Welfare and felt duration
Andreas Mogensen (Global Priorities Institute, University of Oxford)
GPI Working Paper No. 14-2023
How should we understand the duration of a pleasant or unpleasant sensation, insofar as its duration modulates how good or bad the experience is overall? Given that we seem able to distinguish between subjective and objective duration and that how well or badly someone’s life goes is naturally thought of as something to be assessed from her own perspective, it seems intuitive that it is subjective duration that modulates how good or bad an experience is from the perspective of an individual’s welfare. However, I argue that we know of no way to make sense of what subjective duration consists in on which this claim turns out to be plausible. Moreover, some plausible theories of what subjective duration consists in strongly suggest that subjective duration is irrelevant in itself.
Other working papers
Against the singularity hypothesis – David Thorstad (Global Priorities Institute, University of Oxford)
The singularity hypothesis is a radical hypothesis about the future of artificial intelligence on which self-improving artificial agents will quickly become orders of magnitude more intelligent than the average human. Despite the ambitiousness of its claims, the singularity hypothesis has been defended at length by leading philosophers and artificial intelligence researchers. In this paper, I argue that the singularity hypothesis rests on scientifically implausible growth assumptions. …
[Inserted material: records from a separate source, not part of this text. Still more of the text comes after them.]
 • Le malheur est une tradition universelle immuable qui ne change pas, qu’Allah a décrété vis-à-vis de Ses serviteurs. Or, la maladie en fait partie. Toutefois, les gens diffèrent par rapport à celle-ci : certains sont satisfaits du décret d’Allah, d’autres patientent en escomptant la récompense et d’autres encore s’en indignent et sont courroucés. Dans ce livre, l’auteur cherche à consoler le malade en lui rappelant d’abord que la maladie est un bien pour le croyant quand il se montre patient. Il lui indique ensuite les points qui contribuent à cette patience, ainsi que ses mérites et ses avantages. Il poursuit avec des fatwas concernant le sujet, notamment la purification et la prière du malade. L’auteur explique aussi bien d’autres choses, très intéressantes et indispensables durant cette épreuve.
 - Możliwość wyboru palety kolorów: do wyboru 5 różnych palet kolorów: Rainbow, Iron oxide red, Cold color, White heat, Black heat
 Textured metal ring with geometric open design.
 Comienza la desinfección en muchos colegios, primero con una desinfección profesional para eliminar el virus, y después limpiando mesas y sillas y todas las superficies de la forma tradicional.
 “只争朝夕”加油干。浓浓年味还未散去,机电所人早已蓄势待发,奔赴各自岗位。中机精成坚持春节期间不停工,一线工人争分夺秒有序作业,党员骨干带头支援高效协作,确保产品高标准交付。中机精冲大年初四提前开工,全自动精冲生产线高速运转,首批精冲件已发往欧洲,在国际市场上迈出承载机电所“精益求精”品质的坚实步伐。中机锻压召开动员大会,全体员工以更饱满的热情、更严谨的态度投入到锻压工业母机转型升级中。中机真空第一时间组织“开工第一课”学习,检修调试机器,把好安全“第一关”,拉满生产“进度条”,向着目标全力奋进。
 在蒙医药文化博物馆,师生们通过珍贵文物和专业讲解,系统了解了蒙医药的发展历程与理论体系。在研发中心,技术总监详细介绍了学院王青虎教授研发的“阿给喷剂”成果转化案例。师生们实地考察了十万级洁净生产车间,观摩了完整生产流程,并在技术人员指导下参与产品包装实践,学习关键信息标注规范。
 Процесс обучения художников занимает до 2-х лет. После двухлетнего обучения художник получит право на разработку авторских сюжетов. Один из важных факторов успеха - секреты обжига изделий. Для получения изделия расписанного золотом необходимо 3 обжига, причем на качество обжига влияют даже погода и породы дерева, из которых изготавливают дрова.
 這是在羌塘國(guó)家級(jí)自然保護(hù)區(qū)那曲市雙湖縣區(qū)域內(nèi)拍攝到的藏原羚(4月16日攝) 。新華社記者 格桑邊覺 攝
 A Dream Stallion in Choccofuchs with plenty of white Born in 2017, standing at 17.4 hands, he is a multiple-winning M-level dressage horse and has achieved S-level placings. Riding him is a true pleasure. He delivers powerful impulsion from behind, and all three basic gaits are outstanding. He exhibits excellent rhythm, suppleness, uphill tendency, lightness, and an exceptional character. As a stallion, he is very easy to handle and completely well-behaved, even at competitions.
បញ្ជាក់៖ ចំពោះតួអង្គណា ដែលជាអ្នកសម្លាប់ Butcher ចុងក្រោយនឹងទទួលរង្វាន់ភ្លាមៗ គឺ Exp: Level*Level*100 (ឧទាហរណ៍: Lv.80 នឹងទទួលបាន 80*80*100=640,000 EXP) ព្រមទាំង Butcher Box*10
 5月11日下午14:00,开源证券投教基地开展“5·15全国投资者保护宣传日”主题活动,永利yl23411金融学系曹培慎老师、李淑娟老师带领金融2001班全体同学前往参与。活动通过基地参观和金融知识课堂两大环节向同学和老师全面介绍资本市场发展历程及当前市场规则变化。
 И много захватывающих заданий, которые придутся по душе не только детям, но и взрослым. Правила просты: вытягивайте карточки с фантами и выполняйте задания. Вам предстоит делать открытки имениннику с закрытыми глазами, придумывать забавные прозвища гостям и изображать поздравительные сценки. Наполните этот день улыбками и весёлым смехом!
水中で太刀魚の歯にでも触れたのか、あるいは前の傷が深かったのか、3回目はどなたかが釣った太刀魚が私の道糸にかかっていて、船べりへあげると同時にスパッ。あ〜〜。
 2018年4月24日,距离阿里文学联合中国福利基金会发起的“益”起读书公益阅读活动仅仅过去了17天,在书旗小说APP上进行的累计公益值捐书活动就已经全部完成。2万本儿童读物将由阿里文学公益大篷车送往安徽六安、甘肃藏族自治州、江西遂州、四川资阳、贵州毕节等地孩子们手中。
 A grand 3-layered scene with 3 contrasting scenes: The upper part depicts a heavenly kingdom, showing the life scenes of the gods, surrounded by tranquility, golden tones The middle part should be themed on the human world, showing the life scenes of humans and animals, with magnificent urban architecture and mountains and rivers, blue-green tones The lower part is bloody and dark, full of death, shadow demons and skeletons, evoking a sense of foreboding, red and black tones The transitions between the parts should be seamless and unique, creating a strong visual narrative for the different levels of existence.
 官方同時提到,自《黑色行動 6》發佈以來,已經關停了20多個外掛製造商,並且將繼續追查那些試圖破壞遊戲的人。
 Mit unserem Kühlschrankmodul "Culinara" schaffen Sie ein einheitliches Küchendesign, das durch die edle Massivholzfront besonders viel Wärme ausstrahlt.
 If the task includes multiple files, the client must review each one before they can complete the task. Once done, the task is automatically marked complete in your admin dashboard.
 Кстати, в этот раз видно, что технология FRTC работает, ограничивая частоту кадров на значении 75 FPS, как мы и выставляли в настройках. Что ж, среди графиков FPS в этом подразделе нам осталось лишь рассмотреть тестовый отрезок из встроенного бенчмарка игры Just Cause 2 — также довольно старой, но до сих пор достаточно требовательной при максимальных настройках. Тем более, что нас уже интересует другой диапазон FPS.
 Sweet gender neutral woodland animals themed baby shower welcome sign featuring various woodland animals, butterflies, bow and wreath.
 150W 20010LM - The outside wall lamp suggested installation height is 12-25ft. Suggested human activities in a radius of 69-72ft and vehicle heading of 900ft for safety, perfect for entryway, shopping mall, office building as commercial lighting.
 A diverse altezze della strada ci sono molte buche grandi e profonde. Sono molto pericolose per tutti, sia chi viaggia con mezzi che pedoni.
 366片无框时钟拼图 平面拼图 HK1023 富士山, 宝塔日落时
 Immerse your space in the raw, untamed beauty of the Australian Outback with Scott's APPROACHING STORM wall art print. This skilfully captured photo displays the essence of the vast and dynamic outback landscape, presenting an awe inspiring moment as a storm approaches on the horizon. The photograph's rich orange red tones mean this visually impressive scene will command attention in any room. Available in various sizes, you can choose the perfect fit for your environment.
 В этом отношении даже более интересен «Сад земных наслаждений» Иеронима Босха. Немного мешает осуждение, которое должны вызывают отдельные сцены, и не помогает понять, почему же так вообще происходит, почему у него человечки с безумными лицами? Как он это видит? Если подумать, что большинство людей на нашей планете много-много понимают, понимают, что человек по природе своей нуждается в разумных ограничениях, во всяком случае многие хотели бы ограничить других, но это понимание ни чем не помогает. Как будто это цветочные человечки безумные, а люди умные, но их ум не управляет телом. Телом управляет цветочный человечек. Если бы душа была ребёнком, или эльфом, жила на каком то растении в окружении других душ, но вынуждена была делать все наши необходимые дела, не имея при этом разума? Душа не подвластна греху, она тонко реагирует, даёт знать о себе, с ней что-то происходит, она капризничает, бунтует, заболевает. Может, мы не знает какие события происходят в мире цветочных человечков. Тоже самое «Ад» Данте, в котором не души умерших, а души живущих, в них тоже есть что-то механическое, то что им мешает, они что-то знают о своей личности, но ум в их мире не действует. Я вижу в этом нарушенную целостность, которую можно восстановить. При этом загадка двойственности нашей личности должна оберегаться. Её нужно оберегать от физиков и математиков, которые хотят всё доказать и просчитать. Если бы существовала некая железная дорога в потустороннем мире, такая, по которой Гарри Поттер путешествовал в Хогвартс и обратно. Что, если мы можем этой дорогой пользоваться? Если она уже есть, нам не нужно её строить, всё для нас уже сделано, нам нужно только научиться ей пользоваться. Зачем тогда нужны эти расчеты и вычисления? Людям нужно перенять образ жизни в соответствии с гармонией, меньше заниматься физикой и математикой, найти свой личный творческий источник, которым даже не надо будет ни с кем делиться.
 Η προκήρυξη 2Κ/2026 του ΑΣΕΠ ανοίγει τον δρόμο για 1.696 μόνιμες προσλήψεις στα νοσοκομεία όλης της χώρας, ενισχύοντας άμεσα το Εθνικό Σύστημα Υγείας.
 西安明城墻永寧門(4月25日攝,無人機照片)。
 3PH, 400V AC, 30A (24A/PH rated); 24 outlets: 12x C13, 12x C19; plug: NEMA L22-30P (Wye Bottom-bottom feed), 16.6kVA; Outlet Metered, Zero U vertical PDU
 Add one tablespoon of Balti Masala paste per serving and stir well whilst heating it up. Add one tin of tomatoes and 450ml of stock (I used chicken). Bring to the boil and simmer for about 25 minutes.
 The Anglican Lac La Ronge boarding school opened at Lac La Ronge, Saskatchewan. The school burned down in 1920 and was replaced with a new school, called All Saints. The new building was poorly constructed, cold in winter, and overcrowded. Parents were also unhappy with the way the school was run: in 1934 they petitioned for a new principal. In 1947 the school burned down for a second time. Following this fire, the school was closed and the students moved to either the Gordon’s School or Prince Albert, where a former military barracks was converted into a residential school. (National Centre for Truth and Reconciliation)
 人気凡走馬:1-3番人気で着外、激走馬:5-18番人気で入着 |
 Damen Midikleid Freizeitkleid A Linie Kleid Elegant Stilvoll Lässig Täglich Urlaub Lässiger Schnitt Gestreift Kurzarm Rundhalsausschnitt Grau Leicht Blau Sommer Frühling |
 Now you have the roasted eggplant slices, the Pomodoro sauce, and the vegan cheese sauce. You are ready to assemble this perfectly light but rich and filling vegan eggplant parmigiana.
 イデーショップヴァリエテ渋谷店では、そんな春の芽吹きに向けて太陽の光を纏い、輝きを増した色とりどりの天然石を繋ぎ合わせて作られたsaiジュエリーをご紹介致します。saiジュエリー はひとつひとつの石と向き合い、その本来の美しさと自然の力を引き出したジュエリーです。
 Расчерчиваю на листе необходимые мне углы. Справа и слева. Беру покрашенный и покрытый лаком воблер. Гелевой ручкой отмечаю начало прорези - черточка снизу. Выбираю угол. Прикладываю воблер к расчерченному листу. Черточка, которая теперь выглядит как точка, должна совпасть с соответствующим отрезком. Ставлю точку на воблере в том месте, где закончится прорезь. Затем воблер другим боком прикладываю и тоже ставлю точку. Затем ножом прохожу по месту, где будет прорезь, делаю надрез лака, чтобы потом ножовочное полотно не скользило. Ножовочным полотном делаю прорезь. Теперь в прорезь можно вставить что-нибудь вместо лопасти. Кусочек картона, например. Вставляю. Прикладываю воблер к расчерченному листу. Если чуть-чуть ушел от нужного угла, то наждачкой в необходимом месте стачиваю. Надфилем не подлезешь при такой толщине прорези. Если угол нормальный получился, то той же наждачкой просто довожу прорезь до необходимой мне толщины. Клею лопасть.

Egyptology and Fanaticism – Hayden Wilkinson (Global Priorities Institute, University of Oxford)
Various decision theories share a troubling implication. They imply that, for any finite amount of value, it would be better to wager it all for a vanishingly small probability of some greater value. Counterintuitive as it might be, this fanaticism has seemingly compelling independent arguments in its favour. In this paper, I consider perhaps the most prima facie compelling such argument: an Egyptology argument (an analogue of the Egyptology argument from population ethics). …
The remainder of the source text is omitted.